Creative Mindfulness: Claraboya’s odd leftover lot
by Janice Hoffmann
Never anyone’s first choice, 35 years ago we fell in love with an unusual, long narrow lot that only nodded to the street in front, but lavishly embraced the valley to the sides and back.
Decades after Claraboya was developed and the avant garde use of concrete was featured in “Life” magazine, enough time had passed that the original houses already needed facelifts. Yet here was this empty space on Mountain Avenue, only prized by amorous teenagers after football games, or so we’ve been told on more than one occasion.
Our previously unwanted incapacious piece of dirt with minimum frontage suited us just fine, as we adjusted our perspective, building a house which only glimpsed the main thoroughfare, the length being the true facade, taking full advantage of the canyon view beyond and below.

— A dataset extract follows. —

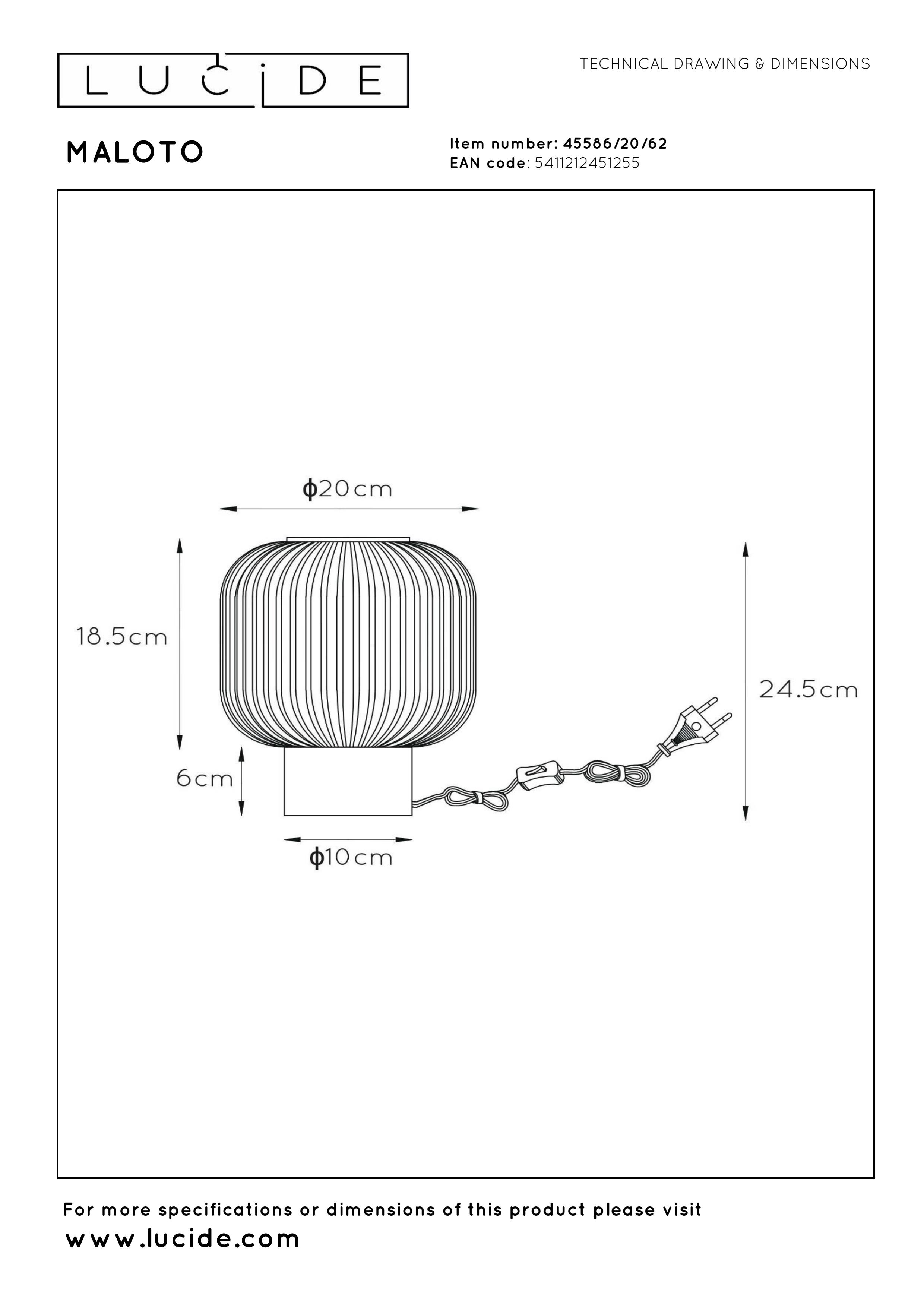 Lucide MALOTO - Lámpara de mesa - Ø 20 cm - 1xE27 - Ámbar

Having both grown up in uninteresting boxes, crowded with possessions to attempt aesthetic redemption, my husband in crowded Queens, son of Jewish immigrants, and me, born amidst the Midwestern Plains to fourth-generation farmers, Larry and I had the common sense to build a simple Mediterranean floor plan and to not put very much inside it. Halfway through our fourth decade in this house, we still treasure the serenity and peace that comes from classic lines, adequate space, and an abundance of glass that blurs the lines between inside and out, allowing us to live with lavish florae, some of which come with stories attached.
Welcoming you to our front door is a huge pot of Christmas cacti, its girth as big as Santa’s middle. When I migrated to Southern California in the late 1970s, the only friend accompanying me on my journey was a few sprigs of this from my cousin’s yard, a long way from anywhere cacti grew naturally.
I wasn’t the first to give this beauty an opportunity to hitchhike: the genius Schlumbergera was named by the French taxonomist botanist who identified it in the Amazon jungle in the late 1800s. Christmas cacti come in several color combinations and I am thrilled each year as their audacious juxtaposition of colors bring smiles to my face. One starts with vivid coral orange buds that day by day become a startling fuchsia. Another has white blossoms tinged with an exquisite pink reminiscent of something rendered pure as the inside of a conch shell.
At the other end of the house, standing sentinel over the valley, very special pots of cacti nicknamed Zulu Giants reign supreme. On the afternoon of his second grade elementary school fair, Larry walked home from P.S. #107, proudly carrying a small milk carton full of dirt, top half cut off, and in it was a precious phallic treasure: one stalk of a cactus. The name Stapelia gigantea seemed out of place for such a tiny offering.
Seventy years later, this one stem has propagated prolifically, fathering veritable jungles of succulents that cascade over the edges of their pots. They annually grace us with parachute blossoms, and are an excuse to once again tell the story of how small dreams, and odd leftovers become savorable pleasures.